WORK TASK |
Restate the listing below word for word; no pictures belong in the copy.

DATA SHOWN |
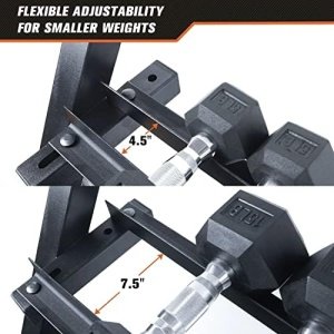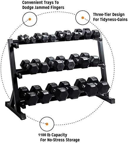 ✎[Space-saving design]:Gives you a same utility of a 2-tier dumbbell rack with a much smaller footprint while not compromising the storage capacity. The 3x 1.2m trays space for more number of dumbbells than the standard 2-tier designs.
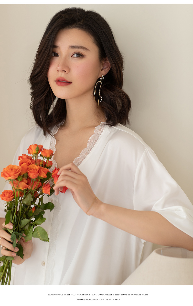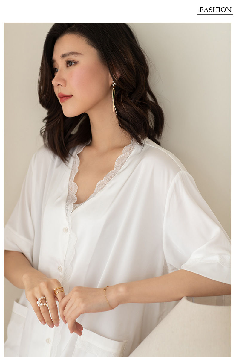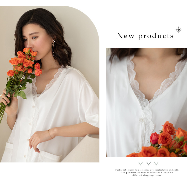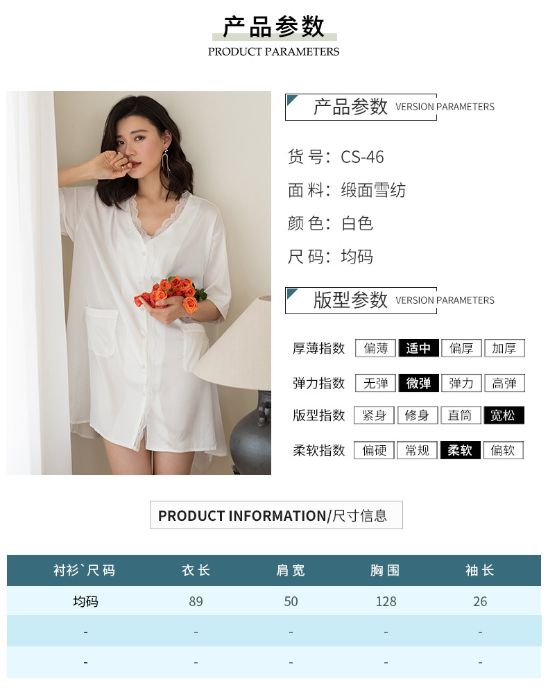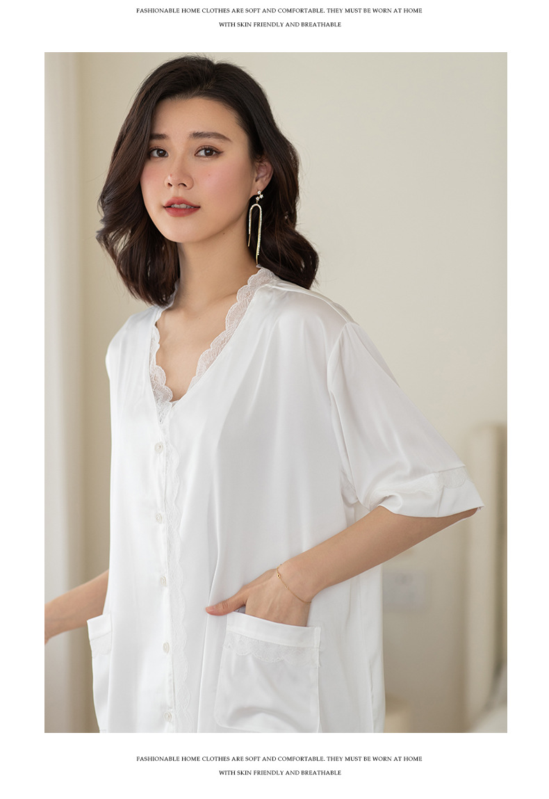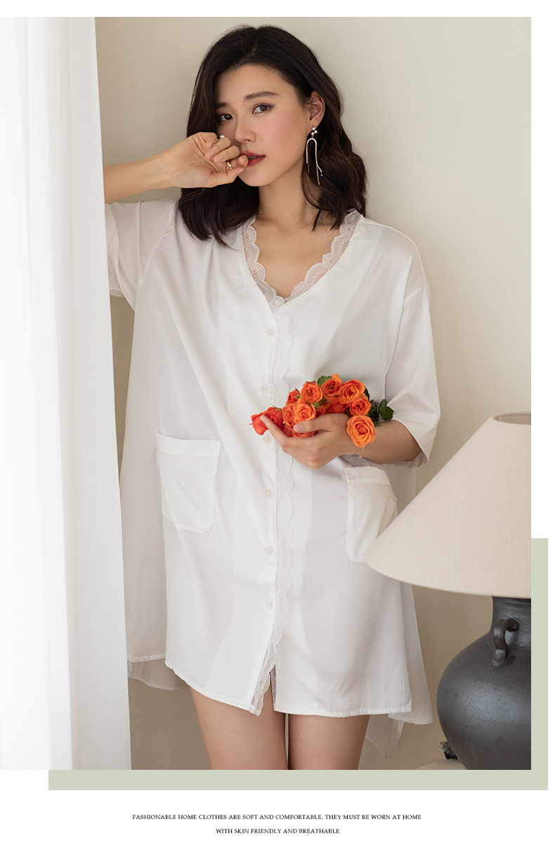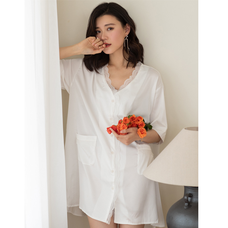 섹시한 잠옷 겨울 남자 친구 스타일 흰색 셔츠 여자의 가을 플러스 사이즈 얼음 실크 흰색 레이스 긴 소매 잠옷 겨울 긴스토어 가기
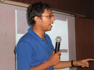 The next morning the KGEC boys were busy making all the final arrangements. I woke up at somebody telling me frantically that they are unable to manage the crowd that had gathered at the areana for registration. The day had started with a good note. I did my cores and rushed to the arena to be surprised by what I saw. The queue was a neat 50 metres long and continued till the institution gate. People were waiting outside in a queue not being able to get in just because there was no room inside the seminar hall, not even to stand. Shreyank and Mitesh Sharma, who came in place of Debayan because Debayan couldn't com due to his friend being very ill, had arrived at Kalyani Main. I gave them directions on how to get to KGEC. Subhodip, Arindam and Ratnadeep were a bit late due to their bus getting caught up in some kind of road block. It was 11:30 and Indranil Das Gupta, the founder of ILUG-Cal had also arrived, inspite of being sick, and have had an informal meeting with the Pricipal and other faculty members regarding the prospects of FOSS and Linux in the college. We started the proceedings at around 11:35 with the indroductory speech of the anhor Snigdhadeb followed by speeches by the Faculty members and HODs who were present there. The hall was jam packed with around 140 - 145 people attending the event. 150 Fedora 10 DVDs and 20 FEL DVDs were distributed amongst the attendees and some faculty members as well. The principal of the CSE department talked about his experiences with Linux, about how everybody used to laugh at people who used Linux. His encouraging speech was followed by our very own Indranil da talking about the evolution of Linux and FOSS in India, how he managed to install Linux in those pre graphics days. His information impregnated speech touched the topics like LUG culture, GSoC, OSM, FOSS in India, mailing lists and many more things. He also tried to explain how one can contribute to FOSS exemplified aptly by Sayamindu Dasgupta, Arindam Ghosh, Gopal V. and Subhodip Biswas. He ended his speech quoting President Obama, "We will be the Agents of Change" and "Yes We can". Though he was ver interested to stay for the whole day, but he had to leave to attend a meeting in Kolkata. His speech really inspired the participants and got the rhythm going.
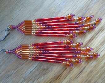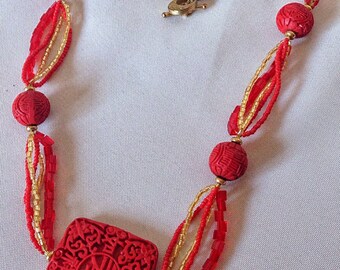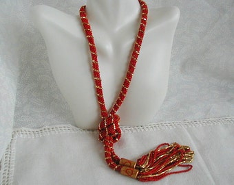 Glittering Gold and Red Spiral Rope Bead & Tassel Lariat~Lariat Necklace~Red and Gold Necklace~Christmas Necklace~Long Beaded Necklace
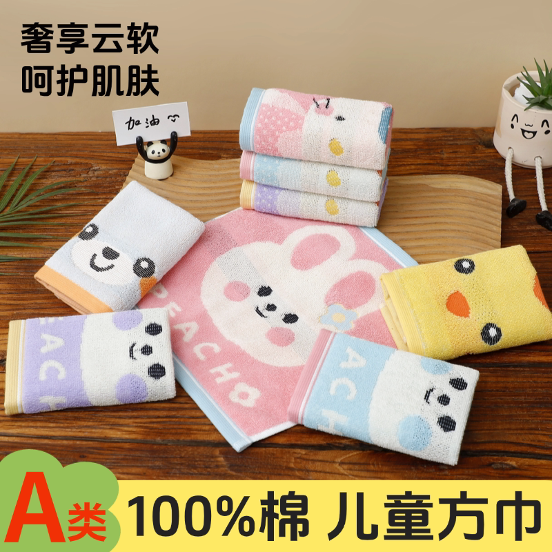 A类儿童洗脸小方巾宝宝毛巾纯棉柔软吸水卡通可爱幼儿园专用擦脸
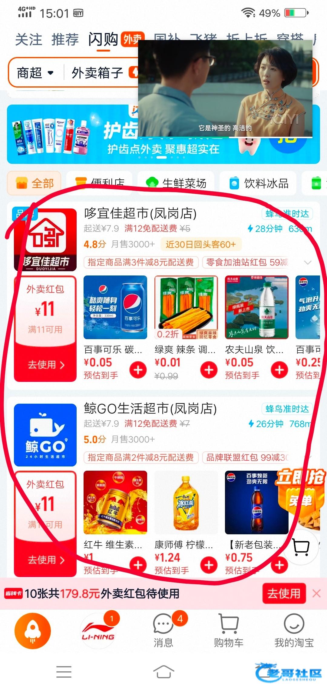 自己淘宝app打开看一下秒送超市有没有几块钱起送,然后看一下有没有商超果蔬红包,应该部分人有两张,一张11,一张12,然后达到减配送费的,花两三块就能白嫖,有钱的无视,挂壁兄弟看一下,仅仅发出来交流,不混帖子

RESPONSE BELOW |
 ✎[Space-saving design]:Gives you a same utility of a 2-tier dumbbell rack with a much smaller footprint while not compromising the storage capacity. The 3x 1.2m trays space for more number of dumbbells than the standard 2-tier designs.
 섹시한 잠옷 겨울 남자 친구 스타일 흰색 셔츠 여자의 가을 플러스 사이즈 얼음 실크 흰색 레이스 긴 소매 잠옷 겨울 긴스토어 가기
 The next morning the KGEC boys were busy making all the final arrangements. I woke up at somebody telling me frantically that they are unable to manage the crowd that had gathered at the areana for registration. The day had started with a good note. I did my cores and rushed to the arena to be surprised by what I saw. The queue was a neat 50 metres long and continued till the institution gate. People were waiting outside in a queue not being able to get in just because there was no room inside the seminar hall, not even to stand. Shreyank and Mitesh Sharma, who came in place of Debayan because Debayan couldn't com due to his friend being very ill, had arrived at Kalyani Main. I gave them directions on how to get to KGEC. Subhodip, Arindam and Ratnadeep were a bit late due to their bus getting caught up in some kind of road block. It was 11:30 and Indranil Das Gupta, the founder of ILUG-Cal had also arrived, inspite of being sick, and have had an informal meeting with the Pricipal and other faculty members regarding the prospects of FOSS and Linux in the college. We started the proceedings at around 11:35 with the indroductory speech of the anhor Snigdhadeb followed by speeches by the Faculty members and HODs who were present there. The hall was jam packed with around 140 - 145 people attending the event. 150 Fedora 10 DVDs and 20 FEL DVDs were distributed amongst the attendees and some faculty members as well. The principal of the CSE department talked about his experiences with Linux, about how everybody used to laugh at people who used Linux. His encouraging speech was followed by our very own Indranil da talking about the evolution of Linux and FOSS in India, how he managed to install Linux in those pre graphics days. His information impregnated speech touched the topics like LUG culture, GSoC, OSM, FOSS in India, mailing lists and many more things. He also tried to explain how one can contribute to FOSS exemplified aptly by Sayamindu Dasgupta, Arindam Ghosh, Gopal V. and Subhodip Biswas. He ended his speech quoting President Obama, "We will be the Agents of Change" and "Yes We can". Though he was ver interested to stay for the whole day, but he had to leave to attend a meeting in Kolkata. His speech really inspired the participants and got the rhythm going.
 Glittering Gold and Red Spiral Rope Bead & Tassel Lariat~Lariat Necklace~Red and Gold Necklace~Christmas Necklace~Long Beaded Necklace
 A类儿童洗脸小方巾宝宝毛巾纯棉柔软吸水卡通可爱幼儿园专用擦脸
 自己淘宝app打开看一下秒送超市有没有几块钱起送,然后看一下有没有商超果蔬红包,应该部分人有两张,一张11,一张12,然后达到减配送费的,花两三块就能白嫖,有钱的无视,挂壁兄弟看一下,仅仅发出来交流,不混帖子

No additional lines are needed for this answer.